Genes, hormônios, neurotransmissores, nutrientes celulares, substâncias químicas, auto-estima, pensamentos, personalidade, crenças, reações emocionais, conflitos inconscientes, fatores sócio-culturais e ambientais, entre outros, podem predispor o indivíduo a desenvolver depressão   (TEODORO, 2010, pag. 20). 

Contudo, é necessário estar atento, pois há diferença entre depressão e tristeza:

Tristeza: reação emocional normal a várias situações desagradáveis, como ser demitido do emprego, reprovado em algum teste ou perder um parente. Após 6 a 8 semanas e sem intervenções médicas ou psicoterápicas, a pessoa volta ao normal.

Depressão: é mais intensa, angustiante, seguida por autodesvalorização e desmotivação, que arrasta por meses ou anos e compromete a vida pessoal, social, profissional e familiar do deprimido.

Paciente e pessoas com quem convive, muitas vezes não percebem as causas da doença, por envolver conteúdos inconscientes e processos psicológicos e orgânicos complicados. É necessário o apoio especializado de médicos e psicólogos.

Você sabia? 
A depressão é a principal causa de problemas de saúde e deficiência em todo o mundo. De acordo com a OMS, mais de 300 milhões de pessoas vivem com depressão, um aumento de mais de 18% entre 2005 e 2015. 

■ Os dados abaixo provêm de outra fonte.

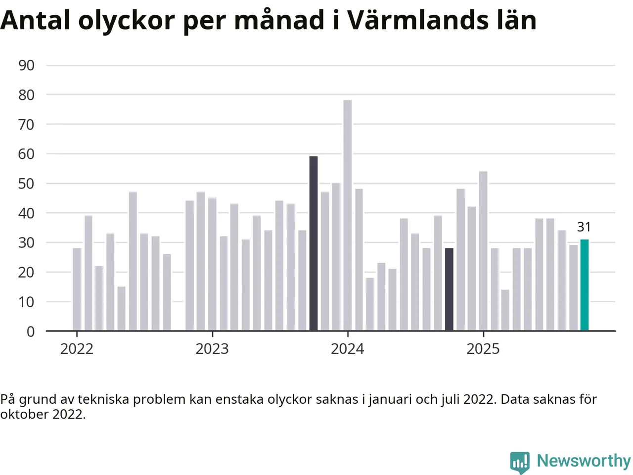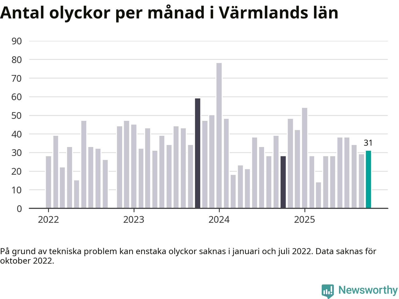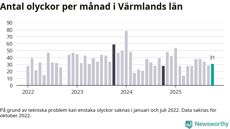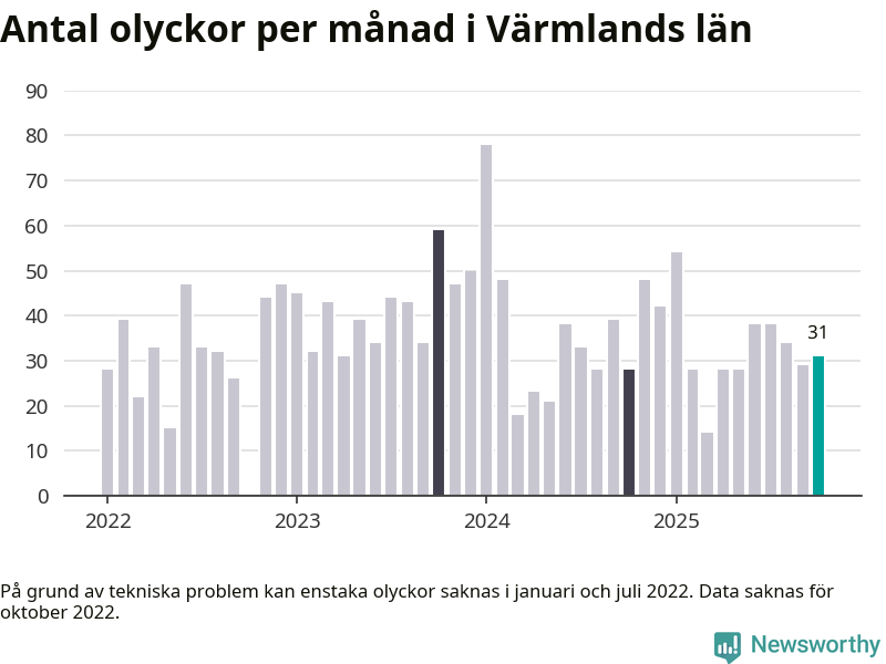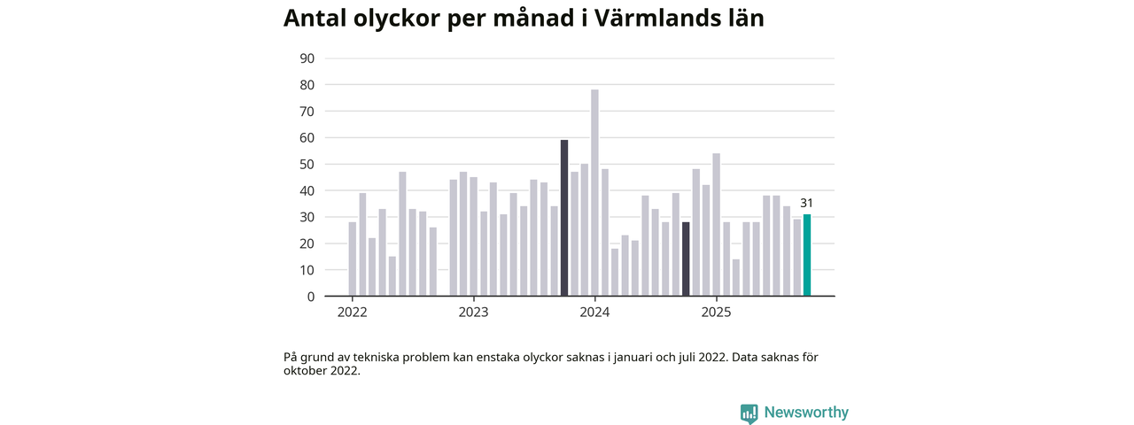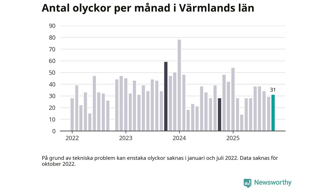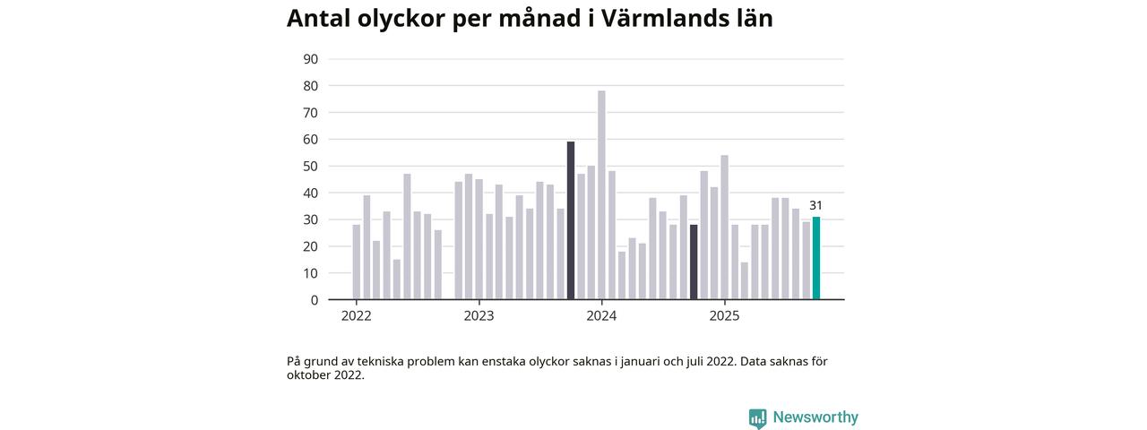 I Värmlands län rapporterades 31 längs de stora vägarna i länet under oktober, visar data från Trafikverket som Newsworthy sammanställt.

A falta de apoio às pessoas com transtornos mentais, juntamente com o medo do estigma, dificultam o acesso ao tratamento que necessitam para viver uma vida saudável e produtiva.

A taxa de suicídios atribuída à depressão aumentou, apesar dos esforços em estabelecer e manter centros de prevenção e suicídio em todo o território nacional.
Drogas antidepressivas custam menos dinheiro que a psicoterapia, porém não funcionam para todos os pacientes deprimidos, dos quais apenas em torno de 60 a 65% respondem aos medicamentos de forma eficaz (BECK, 1997).

Saiba mais:



A boa notícia é que existem tratamentos eficazes para depressão moderada e grave. Profissionais de saúde podem oferecer tratamentos psicológicos, como ativação comportamental, terapia cognitivo-comportamental com técnicas estruturadas e psicoterapia interpessoal ou medicamentos antidepressivos.

Depressão não é frescura, procure ajuda!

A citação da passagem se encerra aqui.